For moderate currents up to and a little over 4A in hosts where driver height is more of a concern, their 58128A2 bead (direct link to PDF) :

  • 11.9 x 5.84 x 4.6 mm
  • 7 turns
    _

From my understanding a lower switching frequency and higher inductance (more turns) would be feasibly reduce ripple current —> higher permissible drive current for a given core and possibly lower core losses provided saturation is avoided. It seems that is where a toroid would shine given their intrinsically high Q factor and inductance.

This design document from DigiKey and this article were really helpful. So was this one from TI that compares asynchronous and synchronous buck converter topologies and their relative strength and weaknesses.
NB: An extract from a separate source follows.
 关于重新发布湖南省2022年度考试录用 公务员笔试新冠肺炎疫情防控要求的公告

All that was a bit to take in, but really interesting.

Looking forward to seeing this driver come to fruition. A 3+ A MT-G2 2x14500 Mini MagLED would be awesome. As would a regulated 4+ A XM-L2 in a 2x18350 Convoy M1, or to an XP-G2 in a C8 using 2x18350. Subbed.

June 24th Edit:

Links to parts fixed!

Edit 2: Tried editing the links to design documents. They appear to work now.
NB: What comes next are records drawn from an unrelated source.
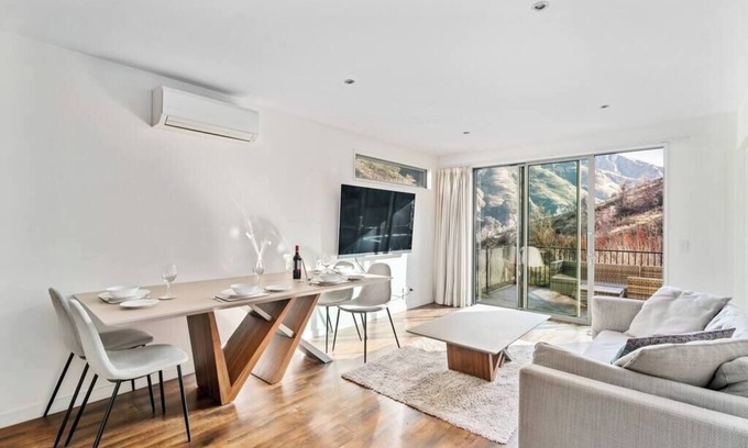 Our stunning Queenstown retreat is the perfect haven for families or couples, featuring two large and comfortable bedrooms with built-in closets. The open-plan living, dining, and kitchen areas create a seamless flow, ideal for relaxation and socializing. The modern kitchen is equipped with all the essentials, including a microwave, smoothie blender, and toaster, making mealtime a breeze. Bask in the stunning views of the mountains and Shotover River as the sun rises and sets, casting a kaleidoscope of colors across the landscape. Take a leisurely walk along the river or stroll along the ridge overlooking the mountains and river, offering breathtaking vistas.
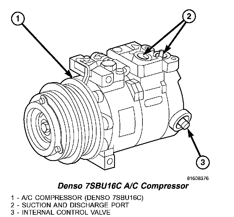 The standard front A/C system uses a Denso 7SBU16C seven cylinder, variable displacement swash plate-type A/C compressor. This A/C compressor has a volume control which is regulated by an internal control valve and has both the suction and discharge ports located at the rear of the compressor.
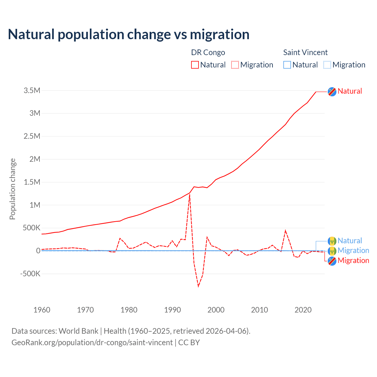 Over the last 10 years, 99.1% of the population change in the DR Congo is from natural causes (a gain of 30,150,516 people) and 0.89% is from migration (a gain of 270,872 people). In Saint Vincent 21.2% is from natural causes (a gain of 2,525 people) and 78.8% is from migration (a loss of 9,393 people).
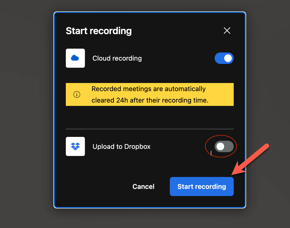 ℹ️ Please note: If you chose Dropbox as an option, you won't receive an email to download your recording.
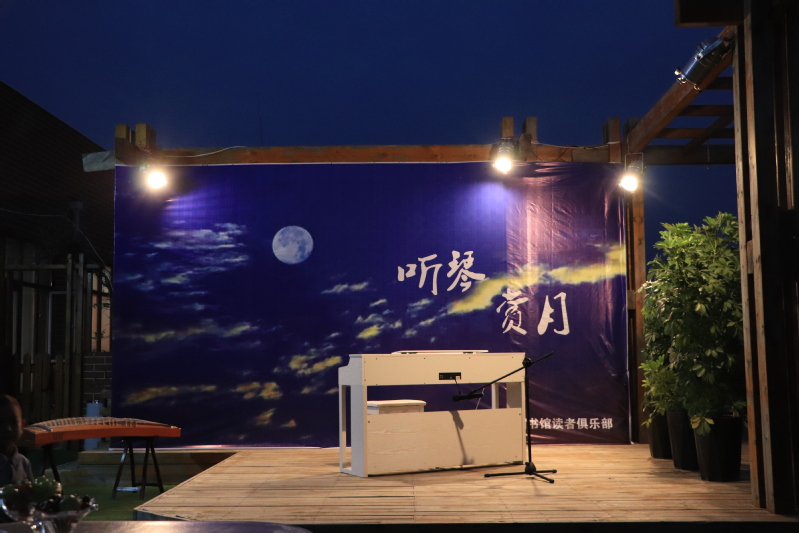 听琴·赏月中秋晚会9月29日晚6点半在图书馆四楼读者沙龙户外平台成功举办。本次晚会由大学生管弦乐团、图书馆读者俱乐部联合主办。节目形式丰富多彩,有钢琴、中阮、二胡、古筝独奏,琵琶、笙二重奏等,曲声悠扬,将我们带入了一个充满传统气息的世界,此外,还有舞蹈、小品为晚会增添了一些乐趣。
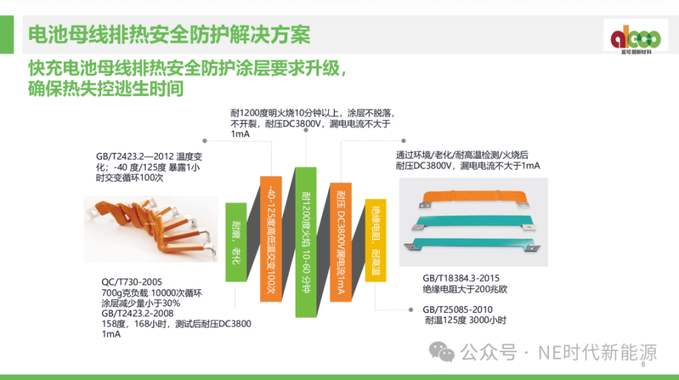 而隨著快充電池的普及,母線排熱安全防護(hù)涂層的要求也進(jìn)一步升級(jí),進(jìn)而確保熱失控逃生時(shí)間。
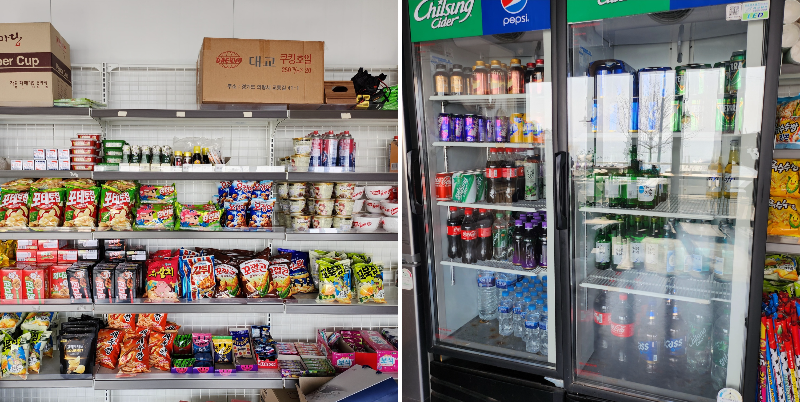 기본적인 스낵류, 라면, 음료 등은 구매할 수 있어요!

Unfortunately none of your links work! I suspect that you need to switch your input format to the Advanced Post Editor. (which does not butcher links)

OK, so… I figured out how things got hooked up wrong in the schematic. I’d done my pin definitions on the DPAK/TO220 EDIT: DPAK/TO252 part wrong! So I just eyeballed connections on the early revisions of this board until they were correct (the FET is connected correctly until I switch to LFPAK, but only because both the part and the schematic are wrong…).

So later when I corrected the schematic to get my properly built LFPAK56 part hooked up, that was OK. But then I was 100% blind when I posted v30b in post #44… I just swapped the part back to DPAK, but with the incorrect pin defs on the part I was using it turned out a mess. v30b is no good.

So now I’ve fixed my TO220/DPAK EDIT: TO252/DPAK part.

EDIT: clearly getting those pins mixed up was not the only time I’ve gotten mixed up :wink:

Bad news: problems.

Good news: not the show stopping kind I think. I’ve screwed up somewhere. I received a set of v029 boards from Oshpark. v029 only has minor tweaks to trace width or placement versus v028 from post #42.

I stripped the components off of a 2-amp DX sku20330 board and then assembled them on my v029 board. I don’t think I tested the board before I stripped it.

I did not add an MCU or MCU support components, only what came off of the DX board. I strapped VCC (LDO) to DIM, which is the PWM input. This is the recommended setup for using the QX5241 without a PWM signal, but I did also test with DIM floating - this produced the same results. Pulling DIM low does shut down the output, as it should. I did install the cap for the the LDO output as well as the input cap. The only component not used was a 000 jumper.

  • Output is not regulated!
  • The minimum input voltage to light up the LED is about right (~4.5v or so)
  • at 4.5v it’s not pulling enough current (<700mA)
  • at 16v it pulls too much current (>1000mA IIRC)
  • voltage across the sense resistors seems too low (0.08v)

I tested another sku20330 board and it did not behave that way, it behaved as expected (input current much higher at low voltages and much lower at high voltages). I can’t think of what I’ve done wrong, so I suspect that I’ll have to take this driver apart and put the stuff back on the original PCB to be certain that the components are OK.